About “Backward in Seville”

In June 2011 I accompanied a friend on a Mediterranean cruise. The ship was small (for a cruise ship), and most of the other passengers were older British people, many of them regulars who came every year and knew one another. My friend had been on many such cruises. She had taken them with her husband, and after he died she had been accompanied by various friends. We sat with different people at meals, and when our dining companions discovered I was a writer they always asked, “Are you going to write about this cruise?” “No, no,” I said. “I’m just here to hang out with my friend.”

Before I got onto the ship I had already decided to write in response to Ray Bradbury’s “The Playground,” which has always seemed to me equally horrifying and touching, a perfect evocation of the terrors of parenting and childhood.

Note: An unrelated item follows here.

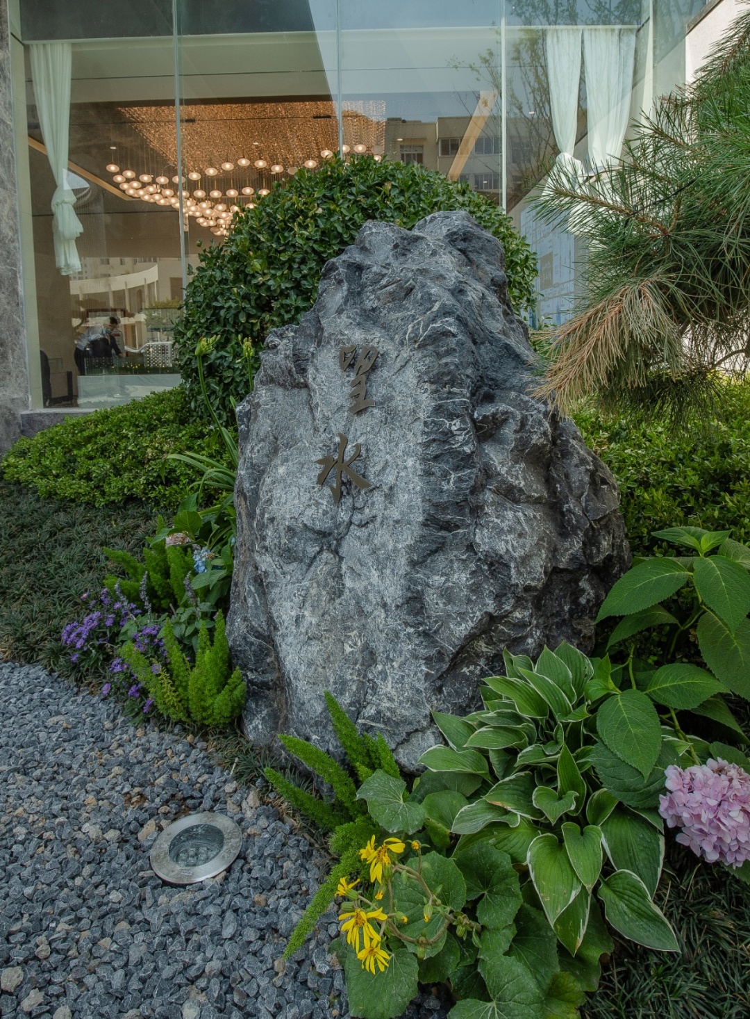 内庭院,运用山水置石手法,用静态的手法描绘动态景观效果,平面上又犹如行云流水的书法,荡气回肠的河流,表达自然和谐的生活环境。

So as I wandered the ship’s decks watching the other passengers, I was thinking about impossible gifts, and it was a very small mental flip to imagine a grown child trading places with her elderly parent, instead of a parent taking the place of his child.

So I did end up writing about the cruise after all, and if any of my fellow passengers read this, I hope you will pardon my impudence. It was too perfect to resist.